Think about the differences between an X-ray and a CT scan.
An X-ray is a one dimensional ‘picture’, and you only see the bones with any clarity. It is the ‘first port of call’ in a diagnosis, offering a limited view of the location and orientation of a skeletal injury. By contrast, a CT (computed tomography ) scan is multidimensional. You see not just the bones, but the soft tissue as well, and you can see it from a variety of perspectives. it is a far more complete picture.
This is a fine analogy for the value of information.
Financial information is just like an x-ray. It cannot tell you much beyond a one dimensional analysis of a current situation, and it is incomplete. A strategic analysis of information is more like a CT scan, you can see a dramatically increased information set, and examine it from a range of perspectives. This depth of information can deliver understanding and insight about the connections and interrelationships that exist.
An x-ray capability is relatively simple and cheap, whereas a CT scan is more complex and requires a far greater commitment of resources to deliver that far more detailed picture. CT scanning equipment costs in the region of 3 times as much as an X-ray set up, and in use, delivers perhaps 100 times the radiation of an x-ray. Not something to be undertaken without due consideration. A CT scan also requires a far better trained staff than an x-ray, generating greater operational and fixed costs.
So it is with the information you gather and analyse in your business.
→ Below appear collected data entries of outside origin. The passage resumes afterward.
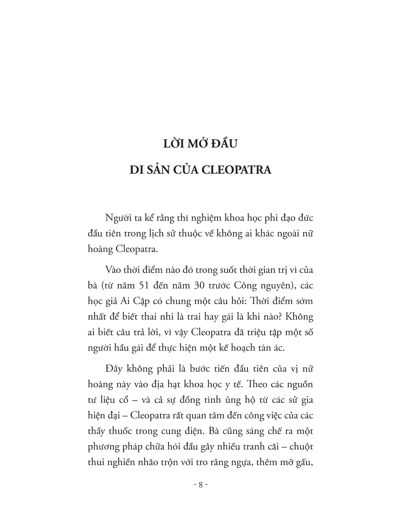 Trong cuốn sách này, tác giả Sam Kean sẽ dẫn lối người đọc một cách thành thạo hệt như một hướng dẫn viên du lịch lâu năm trải qua chuyến hành trình suốt hai nghìn năm lịch sử, bắt đầu từ những hành động đen tối của Cleopatra ở Ai Cập cổ đại.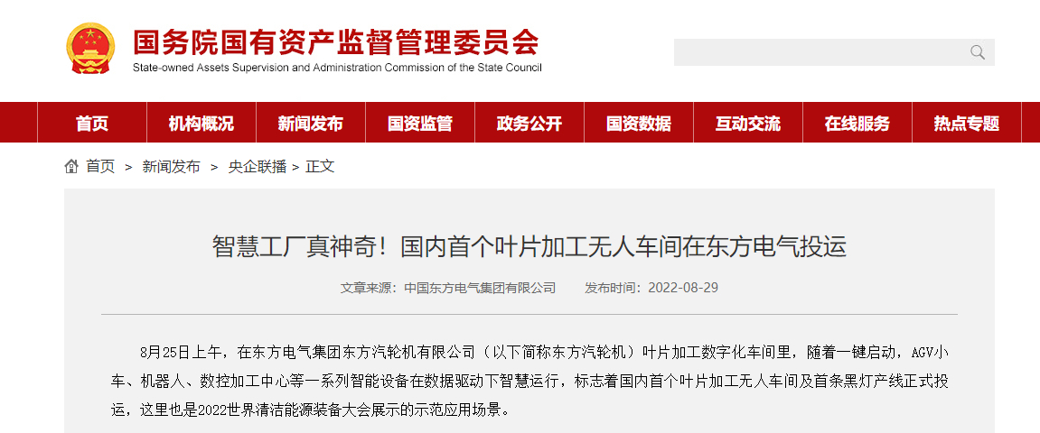 8月25日上午,在東方電氣集團東方汽輪機有限公司(以下簡稱東方汽輪機)葉片加工數(shù)字化車間里,隨著一鍵啟動,AGV小車、機器人、數(shù)控加工中心等一系列智能設(shè)備在數(shù)據(jù)驅(qū)動下智慧運行,標志著國內(nèi)首個葉片加工無人車間及首條黑燈產(chǎn)線正式投運,這里也是2022世界清潔能源裝備大會展示的示范應(yīng)用場景。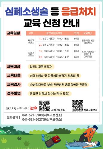 교육은 오는 8월 27일 천안시청 3층 대회의실과 9월 5일 동남구보건소 지하 1층 다목적실에서 오전 10시와 오후 1시에 진행되며, 회당 60명씩 총 240명이 참여할 수 있다.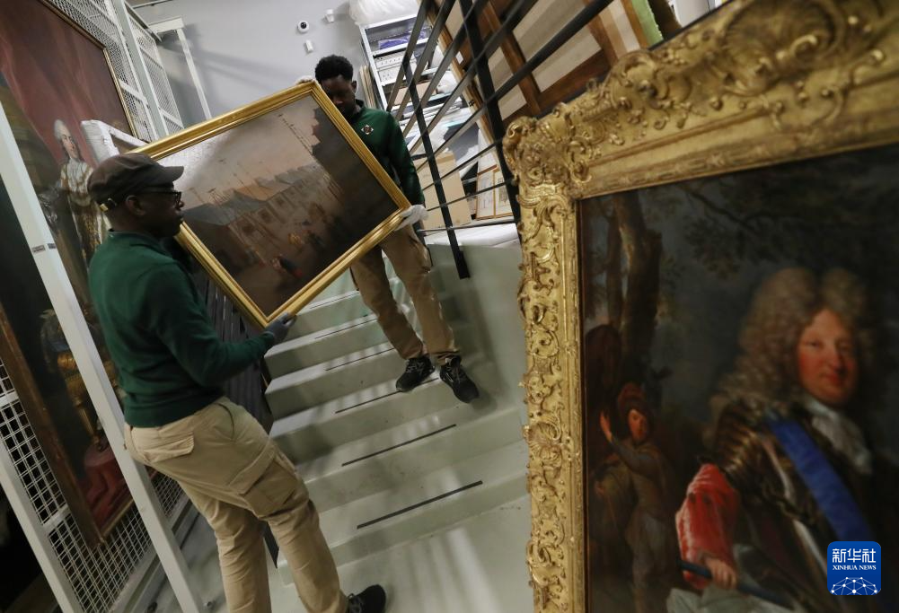 3月11日,在法國巴黎近郊的凡爾賽宮,工作人員打包油畫《路易十四戎裝像》。
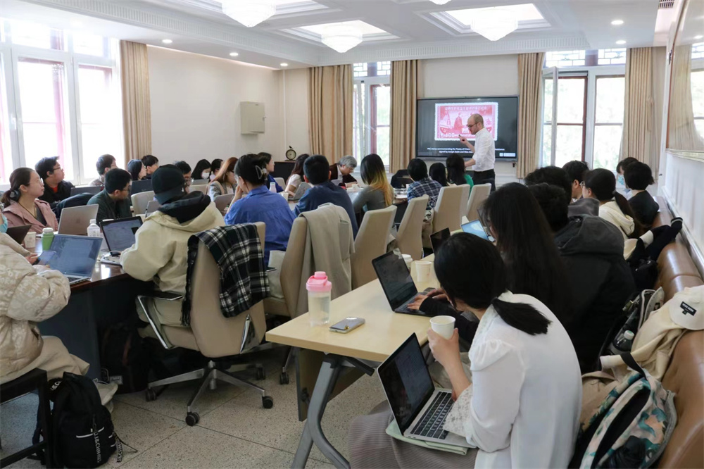 泰尔曼教授的报告之后,与谈人赵白生教授的点评精彩纷呈、引人深思。他充分肯定了泰尔曼教授的学术观点和研究方法,特别是他从当时喜闻乐见的艺术形式,如画报和电影入手来建构国际主义美学,值得借鉴。与此同时,他也提出泰尔曼教授的研究还可以从苏中双方观众接受反应、中方电影参与者的传记文献,如日记、书信、回忆录等等方面继续挖掘,以便描绘出苏中跨文化交流的立体图景。在互动环节中,听众积极提问,现场气氛友好热烈。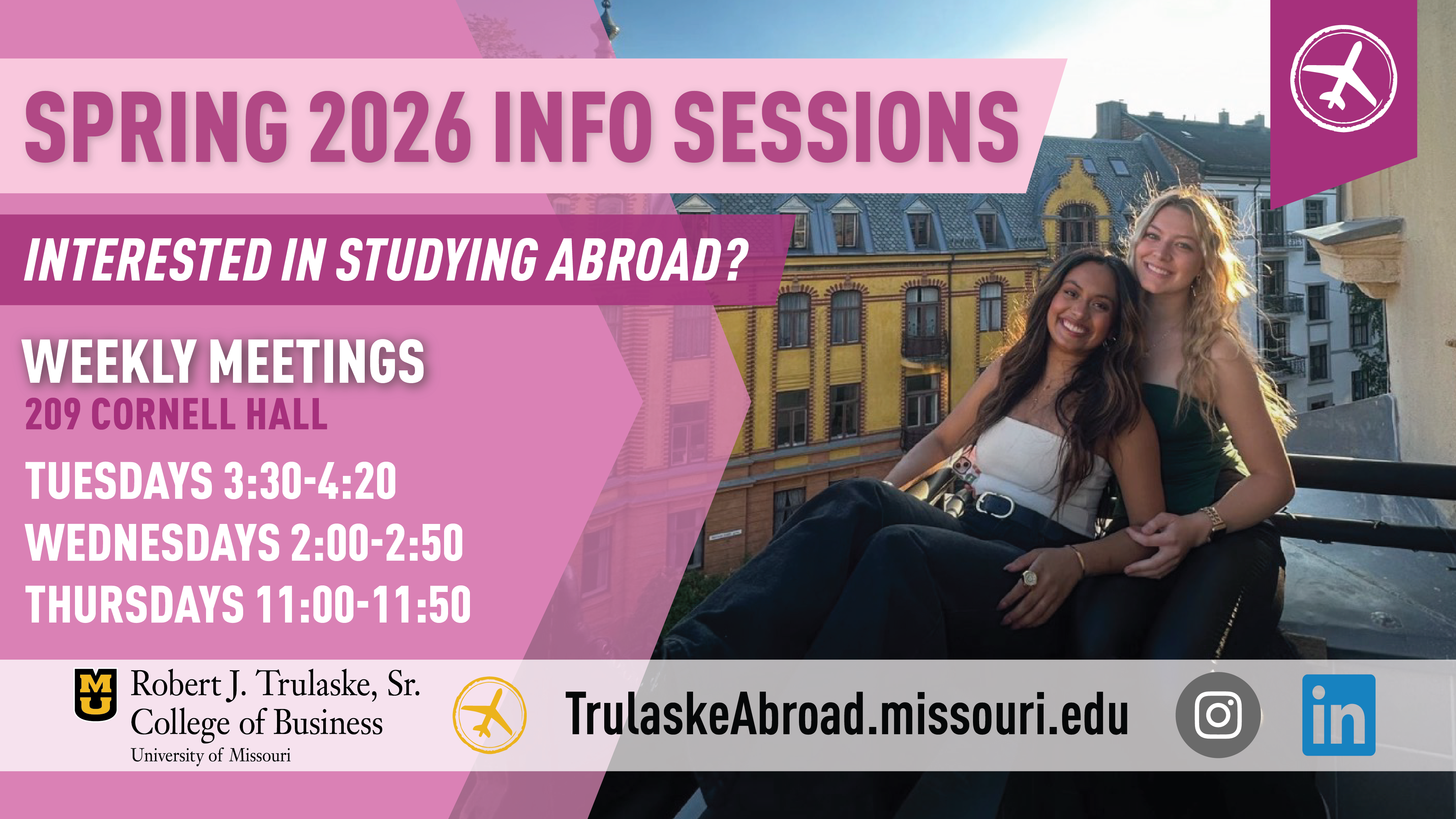 - All students must attend a Trulaske Abroad Info Session before being accepted into the program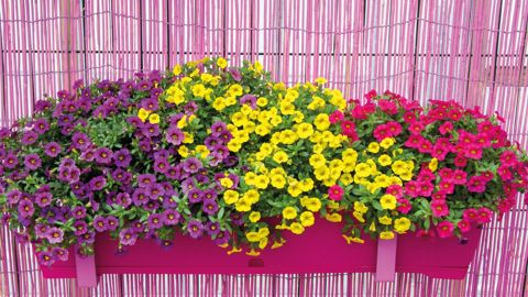Cette nouvelle série est génétiquement compacte mais assez poussante pour l'utilisateur final (30 cm environ, sur un balcon). Elle ne nécessite pas ou très peu de régulateurs de croissance. Elle est disponible en 6 coloris vifs et d'autres couleurs sont annoncées.Comme 'Mille Baci', elle fleurit bien au-dessus du feuillage, et toute la saison. La floraison étant proche entre les coloris (à 5-7 jours près), elle est propice aux combinaisons et compositions mixtes.En photo : 'Gran Mille Baci' Yellow (ci-dessus) et un mélange de bleu/jaune/magenta (ci-dessous).Pour le producteur, elle est annoncée « facile à cultiver, à faible température, rentable concernant la densité, et commercialisable à partir de la semaine 16 ».Pour le client final, elle est annoncée « résistante à la chaleur et à l'humidité ».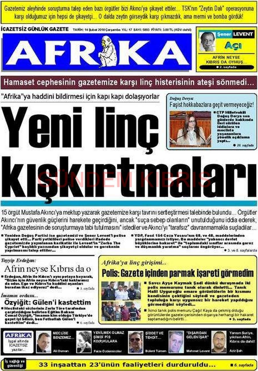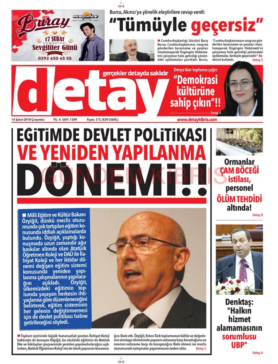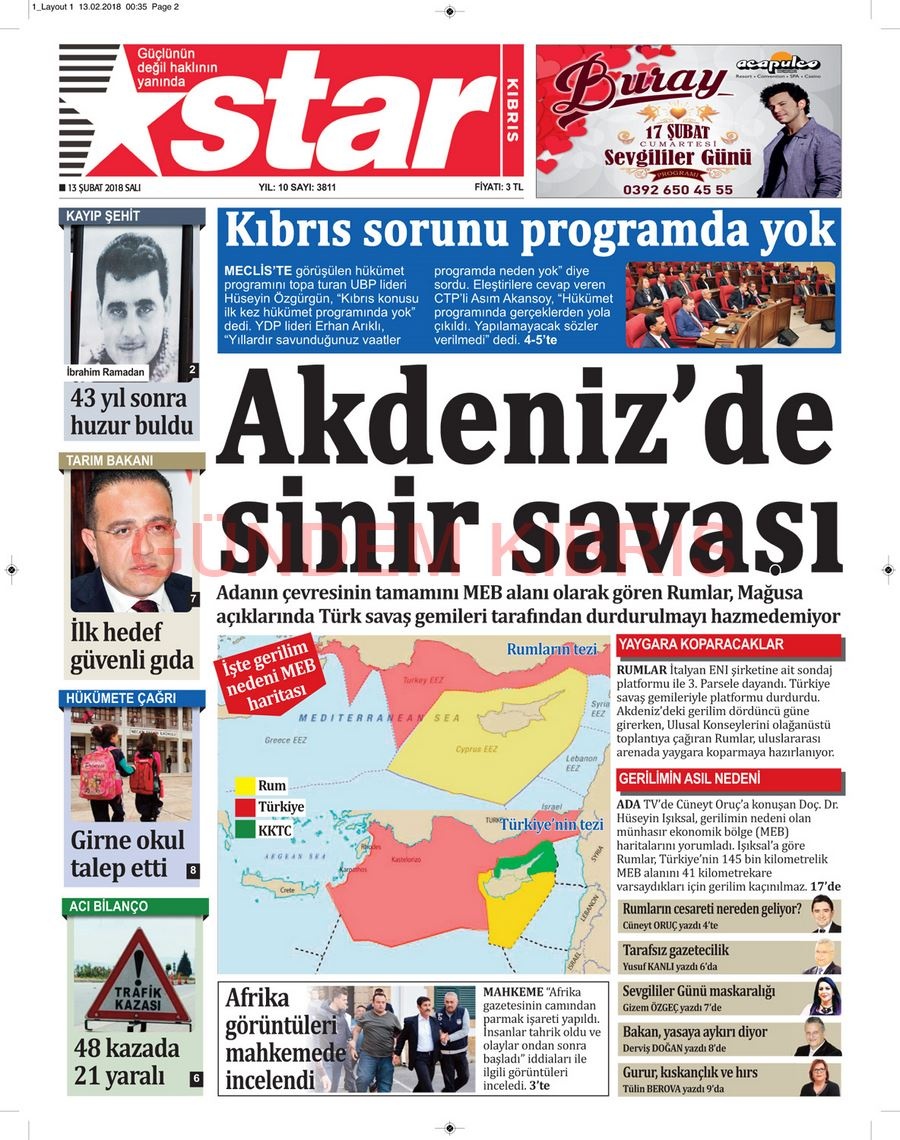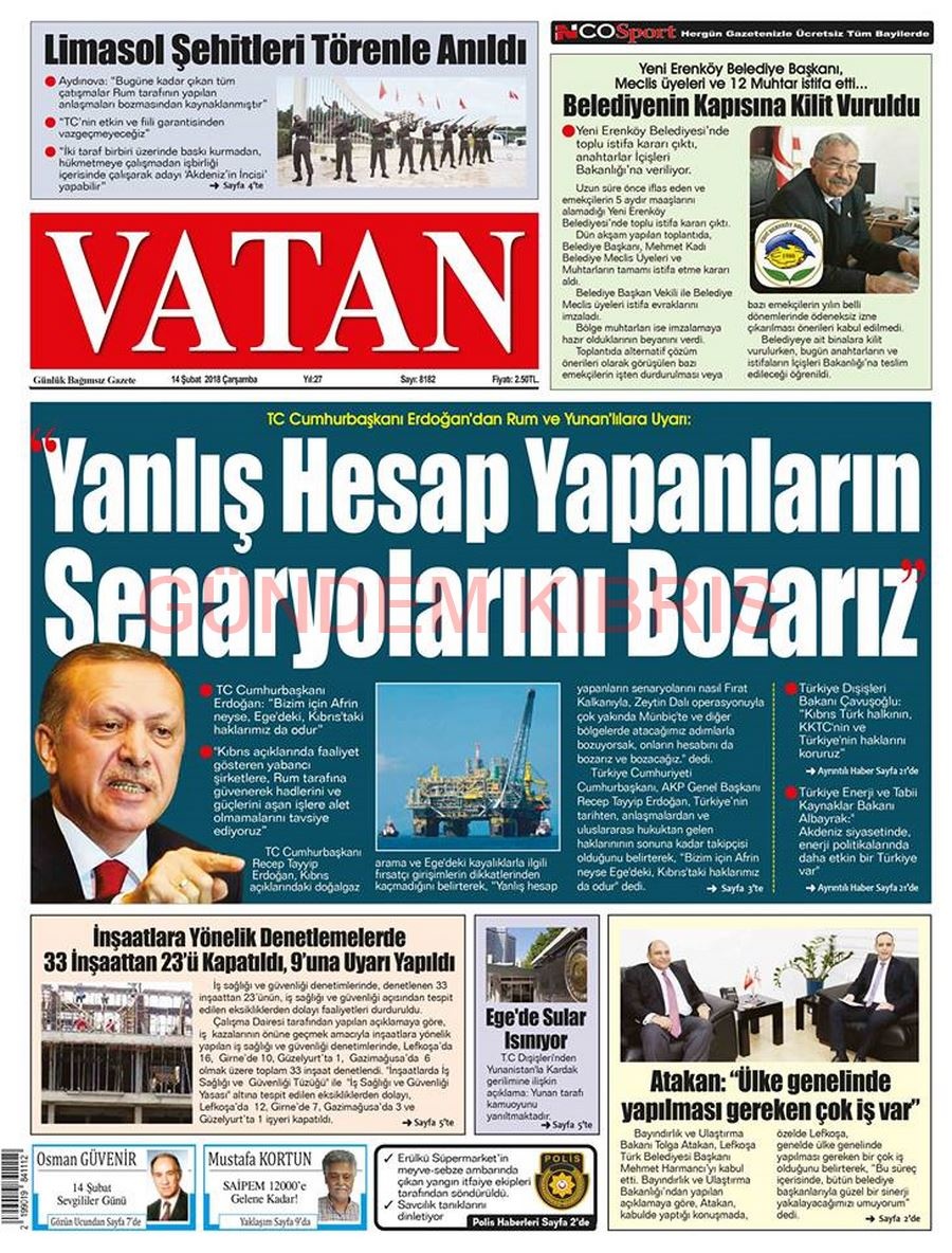 KKTC Gazete Manşetleri 14 Şubat 2018

Information is the currency of success these days. Various studies identify in excess of 80% of the market valuation of listed companies coming from intangible assets. Considering this fact, it makes sense to have an information strategy.
Leaving the IT department to develop such a strategy fails to recognise the importance of information as an essential foundation of success.
Our standard accounting processes include an asset register, on which all assets are recorded, often down to the pens and pencils in the stationary cupboard, but I have yet to see one that puts a rationally articulated value on the information held in the data files of an enterprise. Is it just because it is hard to do, or is it because there is no place for it on our balance sheets and in our statutory accounts?
There appears to me to be 4 parameters for considering the value of your data.
- Leading indicator: a source of information about what may happen
- Lagging indicator: a record of what has happened
- Focus is improvement of management discipline
- Focus is creating new value for stakeholders
Creating metrics for each of these is challenging.
Metrics are usually financial, and then usually only one dimensional, based entirely on the costs incurred as recorded. This data is available in some form in every business, but only tells a part of the story. There are opportunities to record and measure costs in other ways.
Elsewhere I have considered the 5 types of cost in every business, direct, indirect, opportunity, transaction, and short cut costs, and noted the challenges of putting numbers to some of them.
Financial data can also be ‘fattened up’ by consideration of several other parameters:
- The value of the information by understanding the costs that would be incurred if it was suddenly unavailable.
- What someone else might pay for it, particularly a competitor
- The extent to which this information contributes to the bottom line.
For example, these metrics could be considered in the context of the value of the customer and lead information in your CRM, how much does that information deliver to margins? These days that is often a readily available metric.
The additional valuation parameter is strategic:
- How complete is the information in delivering a picture of how the competitive environment in which you compete is evolving?
- How does that information inform your strategic decision-making, and what would be the costs of not having it measured considering the 5 costs?
- How does the information articulate the key drivers of performance?
- How well does the information contribute to the strategic outcomes being sought?
Tackling this challenge of quantifying intangibles, recognising the truth of Peter Drucker’s throwaway that ‘what gets measured gets done‘ is not easy, and not cheap, but like the difference between an X-ray and a CT scan, the results are worth the effort when done well.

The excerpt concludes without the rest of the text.